Psoriasis is a common condition affecting the skin. It causes red, scaly patches. In addition it can affect the joints, nails and eyes. Psoriasis can cause as little as a single dimple on one of your finger or toe nails, or affect as much as the majority of your skin surface, your joints, and your eyes. 2% of people (1 in 50) have psoriasis to some degree.
The most commonly affected areas are the back of the elbows and the front of the knees. It often affects the scalp, and can affect any part of the body. The standard appearance is of red areas where the skin is thickened and crusty, often with silvery flakes which come off easily. This appears as patches, which are known as plaques.
Types of psoriasis
- Plaque psoriasis. The patches most commonly seen are called plaques. They especially affect the back of the elbows and the front of the knees and the back.
- Guttate psoriasis is many small patches of psoriasis, all over the body, and often happens after a throat infection.
- Flexural psoriasis causes red, shiny areas in skin folds, for example under breasts, between buttocks etc.
- Pustular psoriasis. Smaller, circular patches, filled with pus, appear on the palms of the hands and soles of the feet. This can sometimes cause a fever and may need treatment with an antibiotic.
- Scalp psoriasis. Scaling and flakes of the scalp, often particularly affecting the hair margins.
- A serious, but rare, complication of psoriasis is erythroderma, where large areas of the skin become hot, red and dry. This is one of the few emergencies involving skin conditions. If you suffer from this your doctor will admit you to hospital.
Sometimes parts of the body other than the skin can be affected:
- The joints can be affected by a form of arthritis (Psoriatic arthropathic). This can affect any joint, but often it is only one joint that becomes inflamed at a time.
- One or more of your finger or toe nails may develop little pits as on a thimble, or may become generally more opaque and thickened (nail dystrophy).
- The eyes may become inflamed (uveitis).
Though the rash is sometimes quite obvious, it is not infectious and cannot be caught by contact.
Psoriasis runs in some families, but that is not to say that everyone in a family will get it. It can start at any stage in life, but most develop their first symptoms between 11 and 45 years old. Often it starts at puberty.
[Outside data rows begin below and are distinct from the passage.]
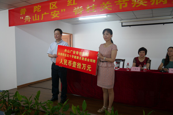 2013年6月30日上午,普陀區(qū)紅十字會(huì)與我院簽訂了普陀區(qū)紅十字健康關(guān)愛(ài)基金—“舟山廣安”脊柱關(guān)節(jié)疾病關(guān)愛(ài)項(xiàng)目協(xié)議。我院分兩年注入基金,減輕脊柱關(guān)節(jié)疾病患者的經(jīng)濟(jì)負(fù)擔(dān),首批基金達(dá)10萬(wàn)元。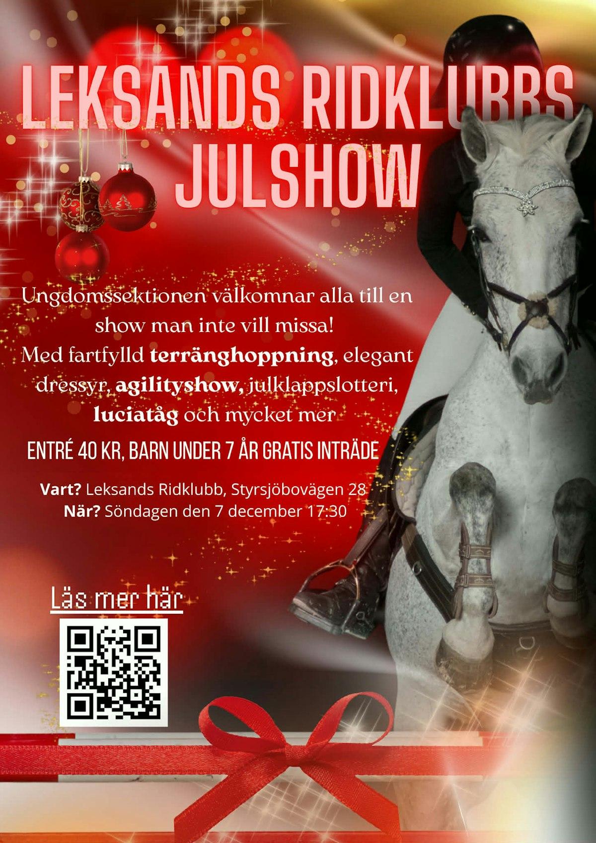 US bjuder in till årets julshow – en härlig kväll fylld med hästar, julstämning och överraskningar! Söndag 7 december Start kl. 17:30 - kom i tid, finns begränsat med platser!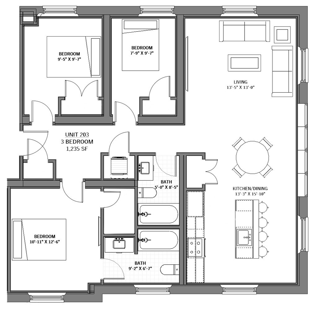 3x2 - Image Apartment Unit: 203Apartment Model: 3x2$5,2003 Bedroom, 2 Bath, 1235 sq ftAvailable June 1, 2026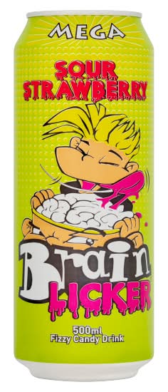 Brain Licker Sour Strawberry, Mega Fizzy Candy Drink (500ml)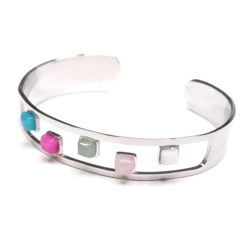 Βραχιόλι Πέτρα 316L με πολύχρωμα κρυσταλλάκια σε χρώμα Ασημί..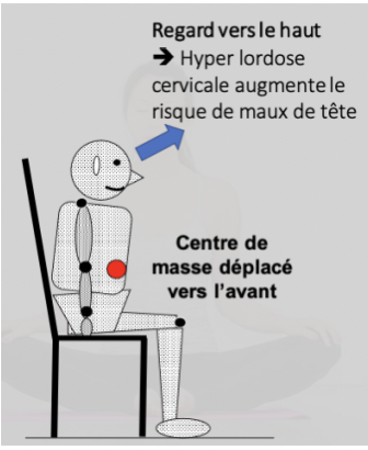 Posture assise non ergonomique : flexion du tronc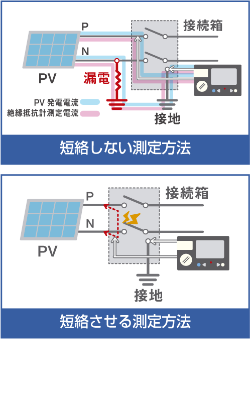一般社団法人 日本電機工業会様(JEMA)及び一般社団法人 太陽光発電協会様(JPEA)で共同作成された「太陽光発電システム保守点検ガイドライン」によって規定されている2つの測定方法と従来絶縁抵抗計の問題点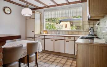 Dit huis heeft een gezellige woonkamer voorzien van een houthaard en een open keuken. De keuken is geplaatst in de aanbouw aan de achterzijde van de woning met zicht op achtertuin. Vanuit de keuken heeft u toegang tot de bijkeuken en de achtertuin.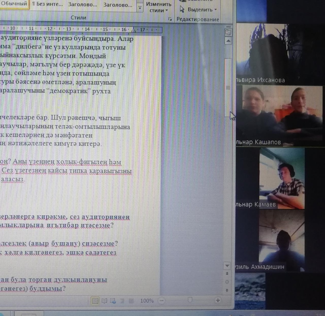 Дистанцион белем бирү процессы дәвам итә. Укучыларыбыз белән элемтәне булдыру өчен WhatsApp видео форматын уңышлы кулланабыз. Укучылар саны аз булган, 4 нче, 7 нче сыйныфларда бу алым балага белем бирүне җиңеләйтә.
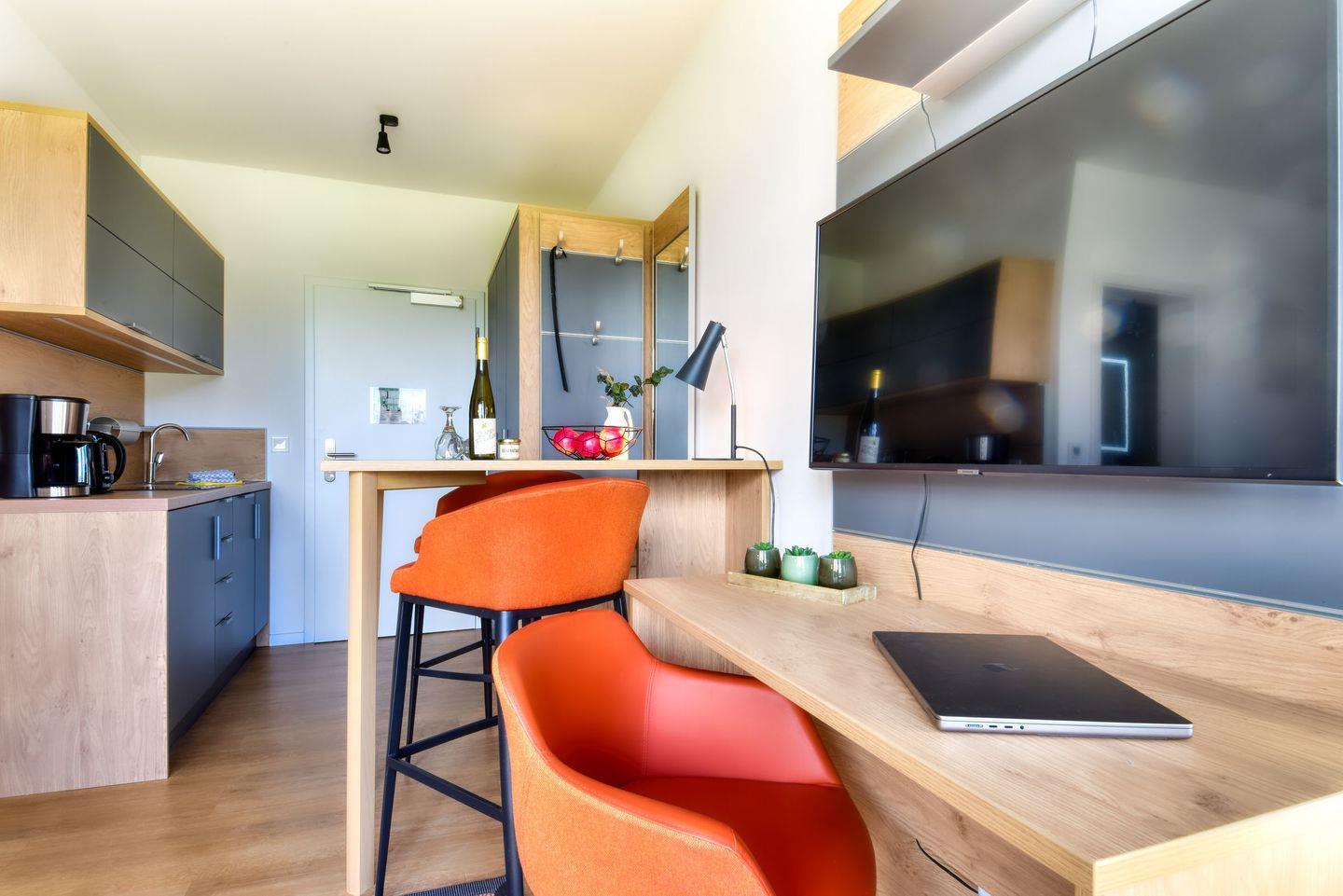 Küche: Die voll ausgestattete Küche bietet alles, was Sie zur Selbstversorgung benötigen. Von modernen Küchengeräten bis hin zu ausreichend Geschirr und Besteck ist alles vorhanden, um Ihre Lieblingsgerichte zuzubereiten.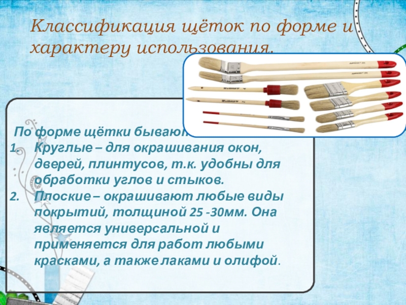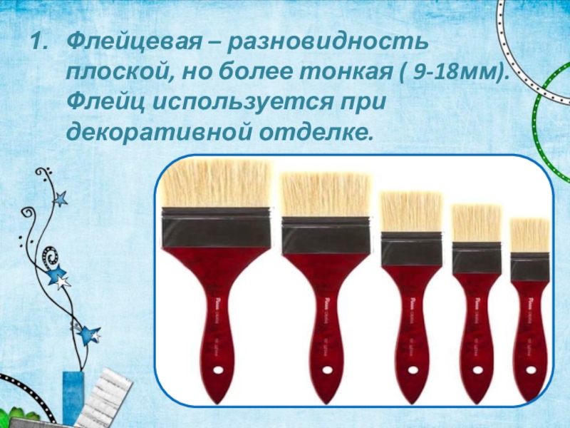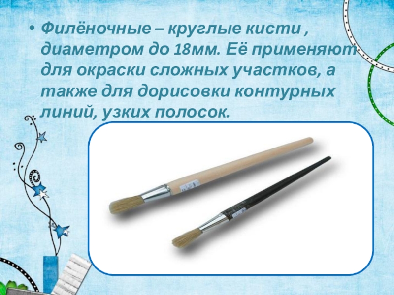 Слайд 9Филёночные – круглые кисти , диаметром до 18мм. Её применяют для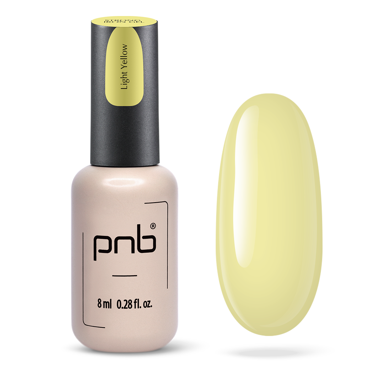 Jei reikia, uždėkite formas. Užtepkite ploną UV/LED Strong Iron Gel PNB sluoksnį, nekietinant įlašinkite gelio lašelį į apex zoną ir paskirstykite per visą nagą.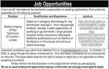 Interested candidates may submit their detailed CVs at hrdeptqta@gmail.com by October 15, 2025, or apply through the above-mentioned link. Only shortlisted candidates will be contacted for an interview. The organization reserves the right to accept or reject any or all applications without assigning any reason.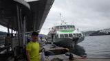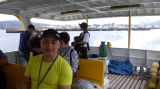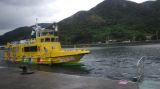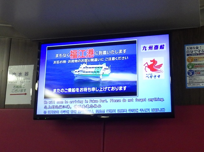 福江港から20分ほどの乗船で田ノ浦港に到着!こんなに可愛い船に乗っていたのだぁ~♥とあらためて黄色の定期船を見て驚きました。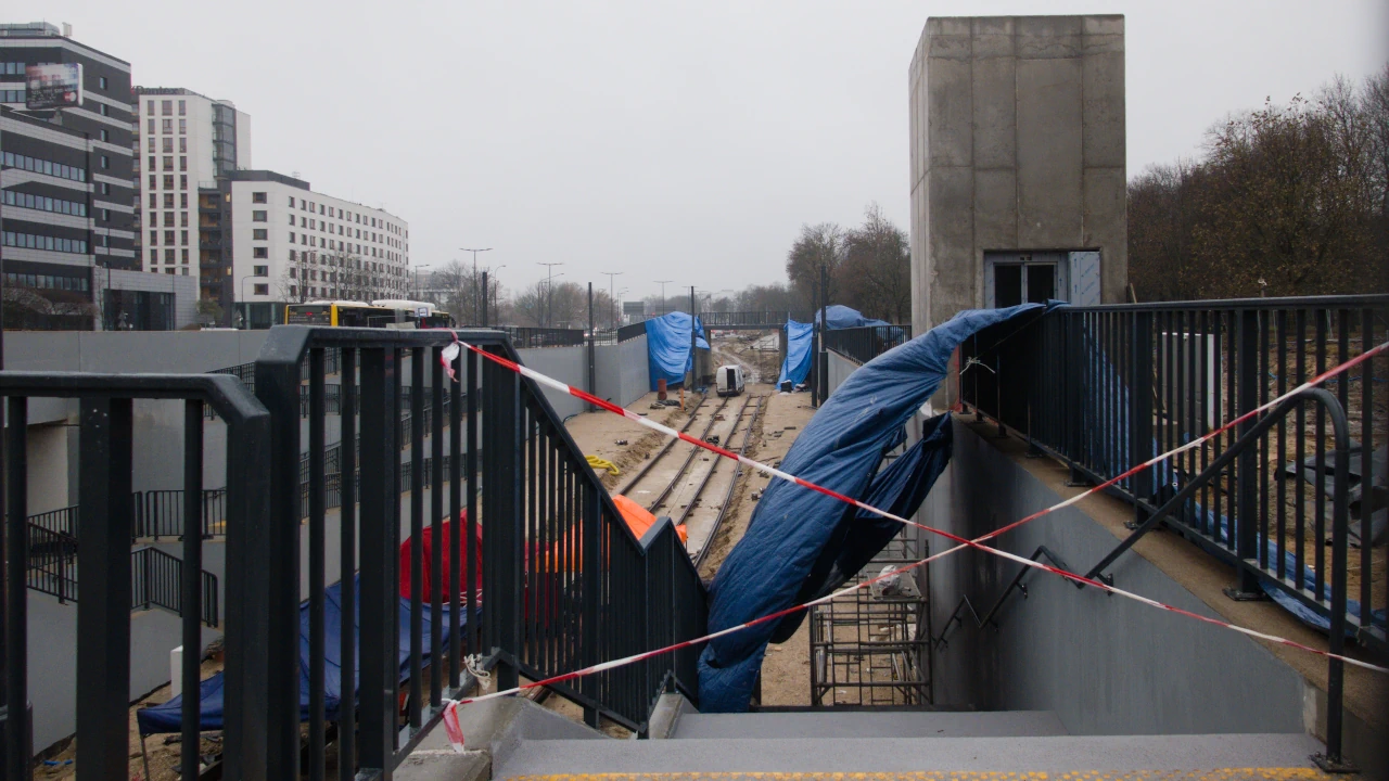 Widać położone tory, nie możemy się doczekać gdy pojedzie tędy tramwaj.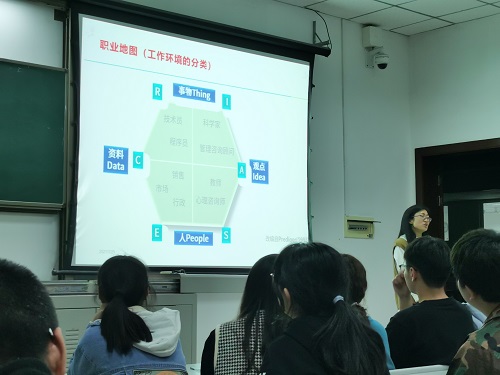 在活动最后,赵轶群老师总结了6个岛屿所对应的6种人格类型及相应的职业特点:R型代表实用型人格、I型代表研究型人格、A型代表艺术型人格、S代表社会型人格、E型代表企业型人格、C型代表事务型人格,并阐述了兴趣与职业的适配性问题,让学生们对自己的兴趣和人格类型有了更加清晰的理解,同时对职业(或专业)选择有了更明确的想法。

The cause is unknown but, as well as a genetic link, a number of things seem to trigger a first attack:
- Often a patch will start where the skin has been scratched or injured
- A throat infection
- Certain medicines or drugs
The skin, in the patches that are affected, replaces itself at a much quicker rate than the rest of the skin normally does. Normal skin replaces itself by pushing up new skin cells from below over a period of 28 days, but in psoriasis this takes as little as 4 days.
As with all diseases, and problems of the skin in particular, stress can aggravate psoriasis.
Usually your doctor will make the diagnosis from the appearance of the rash. If you have inflamed joints your doctor may want to arrange some blood tests. Rarely, in cases of doubt, a sample of flakes scraped from the skin, or a small sample of skin (a biopsy), will be sent to the laboratory.
There is no cure for psoriasis, but many people have long periods when it does not trouble them. Sometimes it gets better on its own, but most people need some treatment.
- Moisturizing creams and ointments. Used to moisturize dry skin, and also as a substitute for soap when washing the skin.
- Oils for the bath. Some of these contain tar or antiseptics, which can add other benefits in addition to the moisturizing effect.
- The mainstay of treatment has for years been creams, ointments, lotions and shampoos based on tar. These help cut down scaling of the skin and also have an anti-inflammatory effect. The main worry is their smell!
- Preparations to be applied, based on Vitamin D have been found to be very effective, and are probably becoming the first choice with patients and doctors alike.
- Applications based on salicylic acid (which was originally developed from willow bark, and is related to aspirin) are helpful at removing thick layers of over-grown skin and scales.
- Sun shine has been known, for years, to help. A development of that, especially as dermatologists are always very suspicious of the sun, is the controlled use of ultraviolet radiation often given with a medication (a psoralen) to prime the skin. (PUVA, Psoralens with long wave ultraviolet radiation.)
- Stronger medications – prescribed only by a dermatologist, and carefully monitored – are occasionally used and can be very helpful, for example methotrexate.
- Mild steroid creams and ointments, used for short periods, for psoriasis affecting the face or body folds. (Stronger preparations and steroids by mouth are sometimes used, but this should be under specialist supervision.)